:: EXERCISE DATA ::
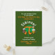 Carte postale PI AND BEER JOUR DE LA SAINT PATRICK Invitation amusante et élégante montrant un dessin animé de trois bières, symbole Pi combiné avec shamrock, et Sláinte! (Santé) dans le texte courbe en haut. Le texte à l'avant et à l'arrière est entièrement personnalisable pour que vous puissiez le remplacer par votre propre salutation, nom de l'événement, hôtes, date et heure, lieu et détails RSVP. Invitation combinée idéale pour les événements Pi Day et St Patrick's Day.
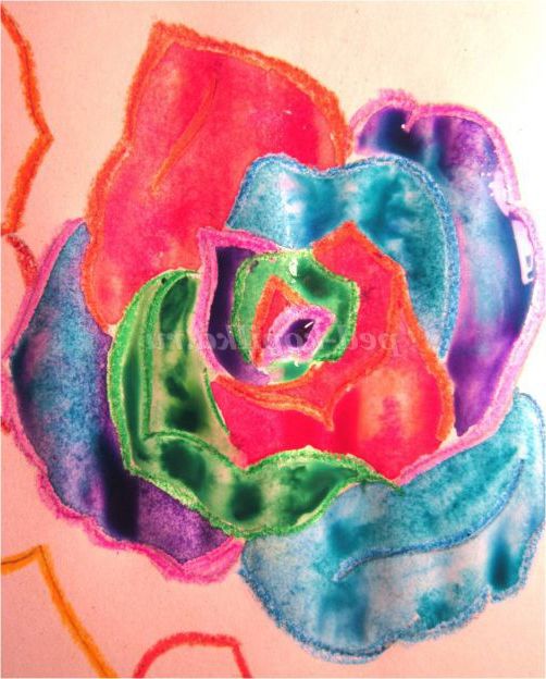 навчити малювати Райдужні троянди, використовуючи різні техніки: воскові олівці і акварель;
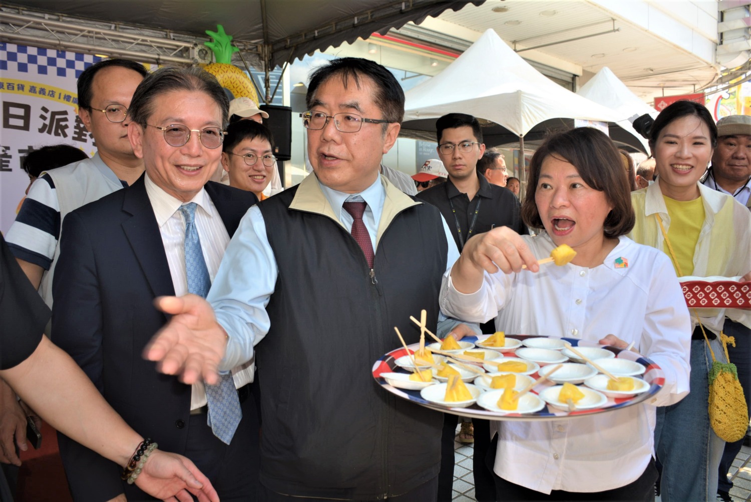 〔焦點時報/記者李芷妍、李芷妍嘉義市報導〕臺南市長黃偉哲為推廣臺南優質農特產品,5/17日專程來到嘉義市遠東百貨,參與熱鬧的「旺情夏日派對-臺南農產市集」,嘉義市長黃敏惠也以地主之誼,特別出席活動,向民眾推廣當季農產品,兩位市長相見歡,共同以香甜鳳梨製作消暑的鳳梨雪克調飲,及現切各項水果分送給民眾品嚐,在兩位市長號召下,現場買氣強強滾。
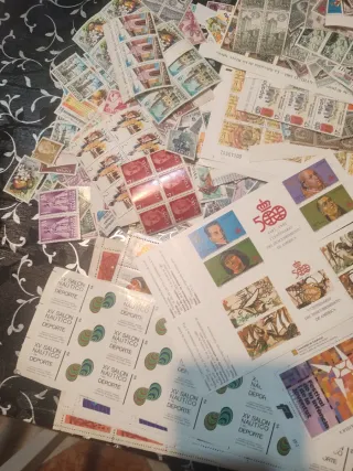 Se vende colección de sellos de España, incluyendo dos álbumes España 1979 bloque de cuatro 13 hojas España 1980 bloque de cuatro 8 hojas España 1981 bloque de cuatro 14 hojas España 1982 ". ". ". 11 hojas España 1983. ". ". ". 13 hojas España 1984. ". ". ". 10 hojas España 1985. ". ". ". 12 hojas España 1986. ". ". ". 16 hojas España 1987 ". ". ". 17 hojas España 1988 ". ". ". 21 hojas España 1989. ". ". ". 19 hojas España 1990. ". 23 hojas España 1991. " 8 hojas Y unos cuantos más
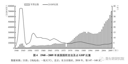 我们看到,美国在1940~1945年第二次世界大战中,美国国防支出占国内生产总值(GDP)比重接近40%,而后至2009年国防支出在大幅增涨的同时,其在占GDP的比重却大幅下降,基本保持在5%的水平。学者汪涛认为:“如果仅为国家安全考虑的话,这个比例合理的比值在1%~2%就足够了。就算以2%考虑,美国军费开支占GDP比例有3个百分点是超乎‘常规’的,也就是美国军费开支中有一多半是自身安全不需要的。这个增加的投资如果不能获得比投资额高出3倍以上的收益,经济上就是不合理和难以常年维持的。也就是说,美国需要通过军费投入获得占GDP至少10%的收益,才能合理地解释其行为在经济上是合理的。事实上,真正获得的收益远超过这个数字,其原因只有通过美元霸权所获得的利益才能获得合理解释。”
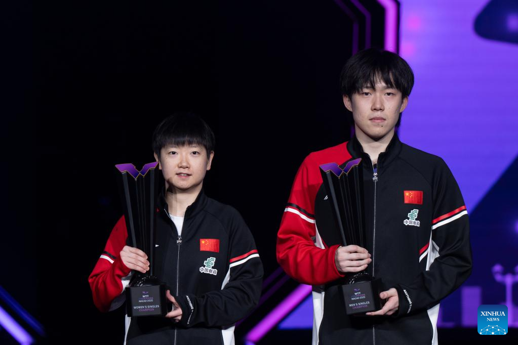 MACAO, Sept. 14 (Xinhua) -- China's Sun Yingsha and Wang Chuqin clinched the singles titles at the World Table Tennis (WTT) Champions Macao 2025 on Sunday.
:::
:: EXERCISE DATA ::
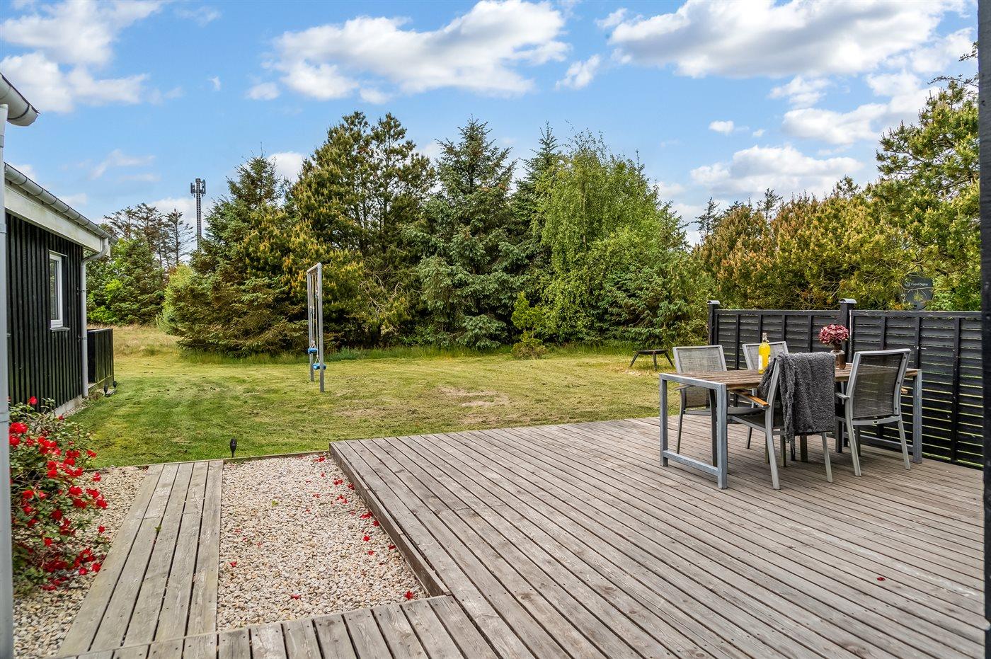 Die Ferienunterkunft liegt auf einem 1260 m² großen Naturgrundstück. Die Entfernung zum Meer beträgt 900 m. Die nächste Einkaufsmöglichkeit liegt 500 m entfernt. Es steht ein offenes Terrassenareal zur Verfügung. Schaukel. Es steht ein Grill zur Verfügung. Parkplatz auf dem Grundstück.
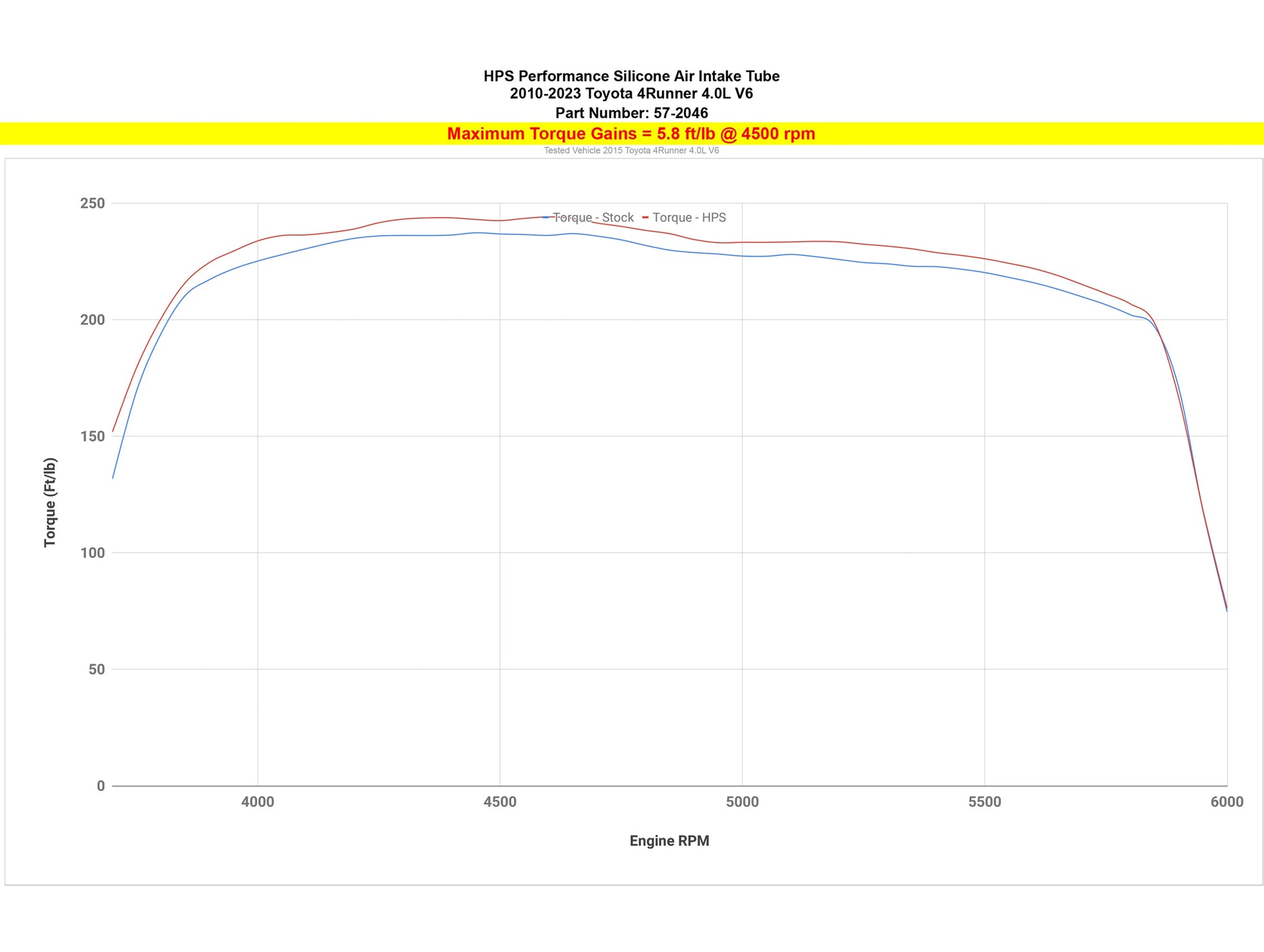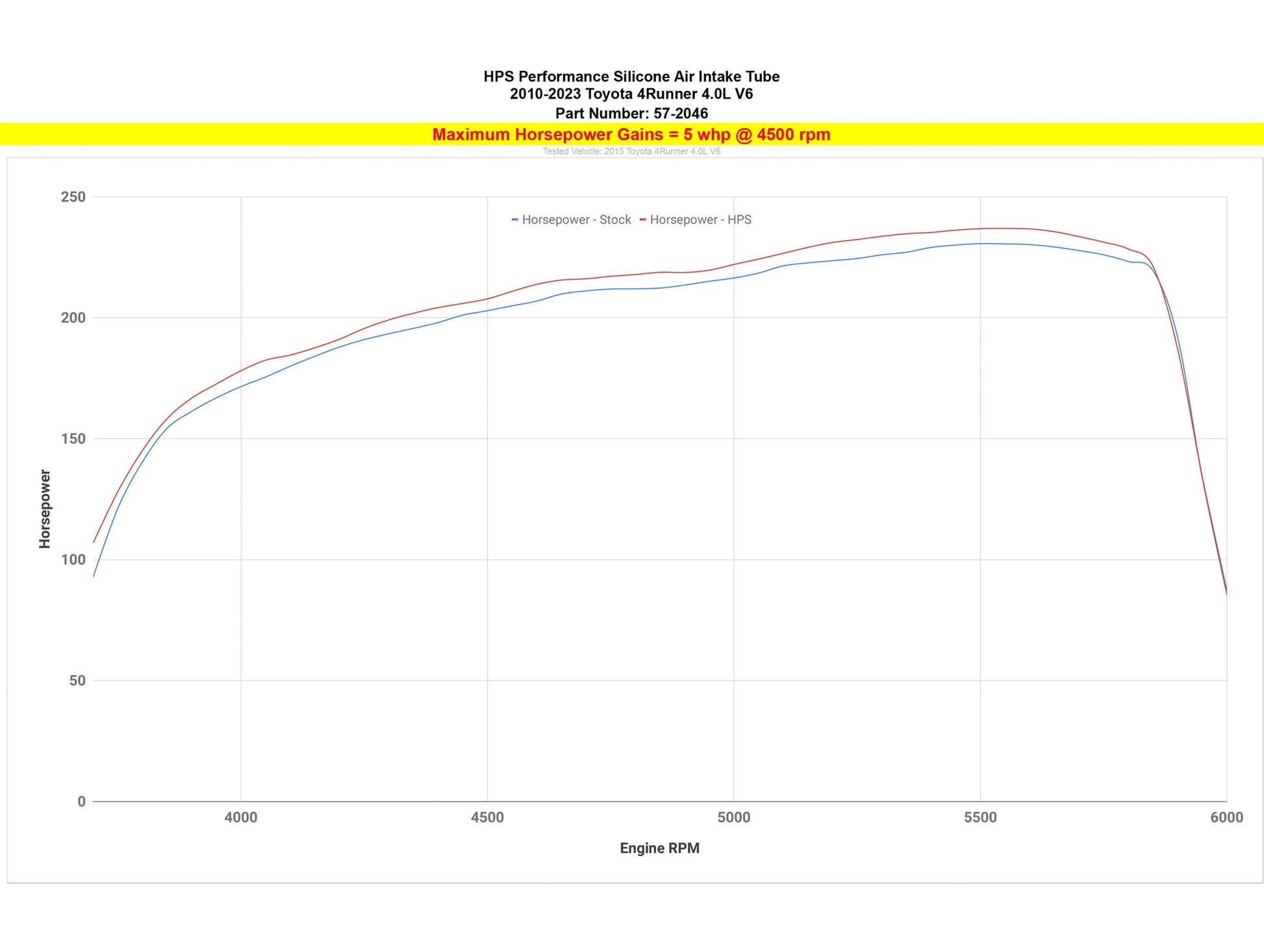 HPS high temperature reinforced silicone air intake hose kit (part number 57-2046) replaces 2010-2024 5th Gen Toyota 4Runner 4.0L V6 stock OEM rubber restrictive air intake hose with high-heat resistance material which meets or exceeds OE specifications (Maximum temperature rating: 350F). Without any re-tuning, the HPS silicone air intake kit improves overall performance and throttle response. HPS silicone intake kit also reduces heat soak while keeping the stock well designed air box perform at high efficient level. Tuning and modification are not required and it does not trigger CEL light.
:::
:: EXERCISE DATA ::
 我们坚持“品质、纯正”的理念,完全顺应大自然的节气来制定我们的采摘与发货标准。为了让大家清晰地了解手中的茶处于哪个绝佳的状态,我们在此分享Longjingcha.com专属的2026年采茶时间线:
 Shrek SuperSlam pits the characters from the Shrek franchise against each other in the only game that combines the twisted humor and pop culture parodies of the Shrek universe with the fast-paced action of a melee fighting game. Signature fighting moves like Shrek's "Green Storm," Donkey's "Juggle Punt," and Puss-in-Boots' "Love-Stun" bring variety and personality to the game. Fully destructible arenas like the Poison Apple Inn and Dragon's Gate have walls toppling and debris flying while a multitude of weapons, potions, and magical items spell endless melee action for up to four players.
:::
## TASK ITEM
Which part of the entries opens with the line containing "Se vende colección" and closes with the line containing "MACAO, Sept. 14"? Output that part exactly, ends included, pictures excluded.

## EXPECTED ANSWER
 Se vende colección de sellos de España, incluyendo dos álbumes España 1979 bloque de cuatro 13 hojas España 1980 bloque de cuatro 8 hojas España 1981 bloque de cuatro 14 hojas España 1982 ". ". ". 11 hojas España 1983. ". ". ". 13 hojas España 1984. ". ". ". 10 hojas España 1985. ". ". ". 12 hojas España 1986. ". ". ". 16 hojas España 1987 ". ". ". 17 hojas España 1988 ". ". ". 21 hojas España 1989. ". ". ". 19 hojas España 1990. ". 23 hojas España 1991. " 8 hojas Y unos cuantos más
 我们看到,美国在1940~1945年第二次世界大战中,美国国防支出占国内生产总值(GDP)比重接近40%,而后至2009年国防支出在大幅增涨的同时,其在占GDP的比重却大幅下降,基本保持在5%的水平。学者汪涛认为:“如果仅为国家安全考虑的话,这个比例合理的比值在1%~2%就足够了。就算以2%考虑,美国军费开支占GDP比例有3个百分点是超乎‘常规’的,也就是美国军费开支中有一多半是自身安全不需要的。这个增加的投资如果不能获得比投资额高出3倍以上的收益,经济上就是不合理和难以常年维持的。也就是说,美国需要通过军费投入获得占GDP至少10%的收益,才能合理地解释其行为在经济上是合理的。事实上,真正获得的收益远超过这个数字,其原因只有通过美元霸权所获得的利益才能获得合理解释。”
 MACAO, Sept. 14 (Xinhua) -- China's Sun Yingsha and Wang Chuqin clinched the singles titles at the World Table Tennis (WTT) Champions Macao 2025 on Sunday.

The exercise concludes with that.